* _What to work on_
The material below holds pictures, which are to be left out; copy exactly the lines from the one with "Современный многоквартирный дом" through the one with "Chương trình đào".

* _Materials provided_
········

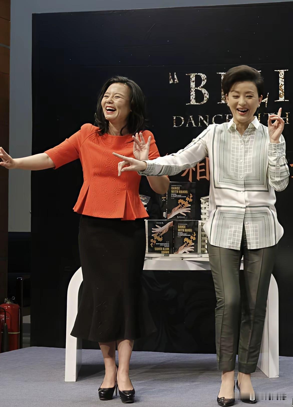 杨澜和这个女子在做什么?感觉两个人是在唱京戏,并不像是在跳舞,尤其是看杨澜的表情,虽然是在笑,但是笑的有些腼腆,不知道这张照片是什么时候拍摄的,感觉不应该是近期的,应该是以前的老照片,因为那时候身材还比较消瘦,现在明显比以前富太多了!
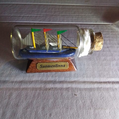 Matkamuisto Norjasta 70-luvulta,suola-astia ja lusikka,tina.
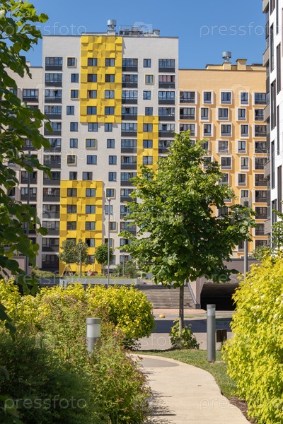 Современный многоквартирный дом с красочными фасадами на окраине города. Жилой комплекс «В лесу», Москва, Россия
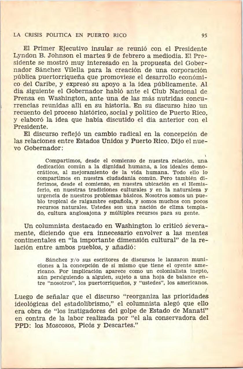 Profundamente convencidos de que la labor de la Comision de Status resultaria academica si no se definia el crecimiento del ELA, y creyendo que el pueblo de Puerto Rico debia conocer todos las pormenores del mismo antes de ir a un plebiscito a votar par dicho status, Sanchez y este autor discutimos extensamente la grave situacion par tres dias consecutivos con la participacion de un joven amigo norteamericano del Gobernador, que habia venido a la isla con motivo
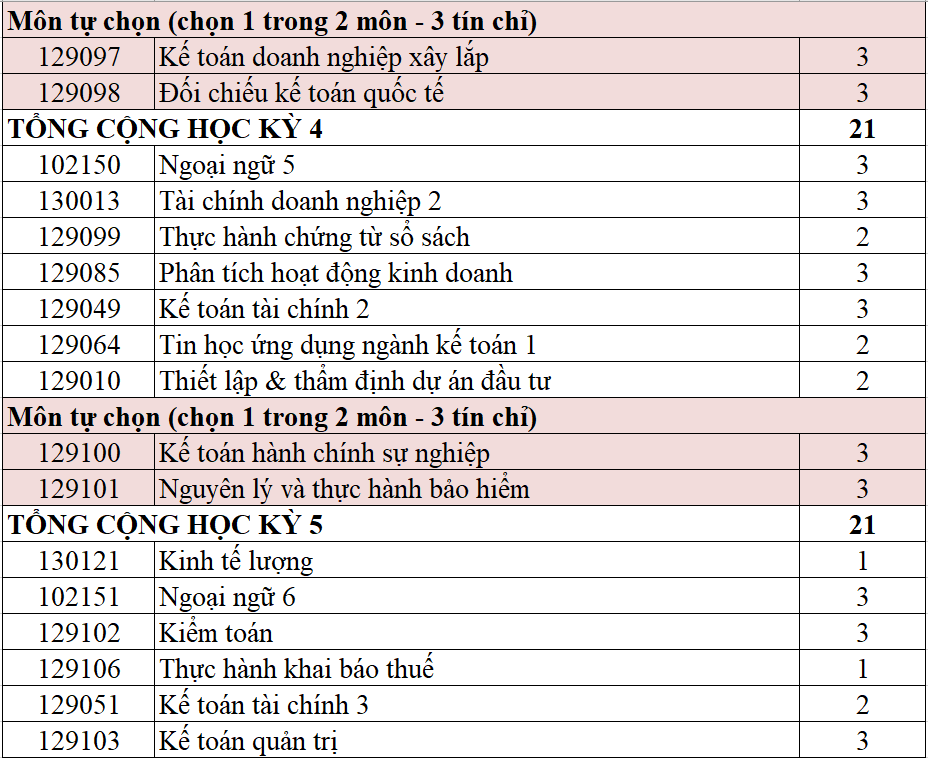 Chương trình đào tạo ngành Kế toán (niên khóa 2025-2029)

········

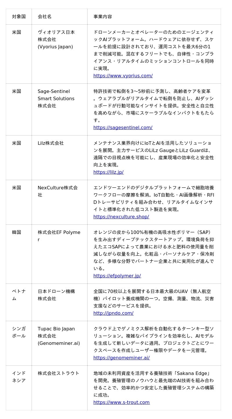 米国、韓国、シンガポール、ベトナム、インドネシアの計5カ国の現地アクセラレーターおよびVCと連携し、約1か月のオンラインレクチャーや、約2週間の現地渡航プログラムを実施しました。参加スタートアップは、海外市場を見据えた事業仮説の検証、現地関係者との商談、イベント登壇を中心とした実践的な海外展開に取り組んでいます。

········

* _Solved problem_
 Современный многоквартирный дом с красочными фасадами на окраине города. Жилой комплекс «В лесу», Москва, Россия
 Profundamente convencidos de que la labor de la Comision de Status resultaria academica si no se definia el crecimiento del ELA, y creyendo que el pueblo de Puerto Rico debia conocer todos las pormenores del mismo antes de ir a un plebiscito a votar par dicho status, Sanchez y este autor discutimos extensamente la grave situacion par tres dias consecutivos con la participacion de un joven amigo norteamericano del Gobernador, que habia venido a la isla con motivo
 Chương trình đào tạo ngành Kế toán (niên khóa 2025-2029)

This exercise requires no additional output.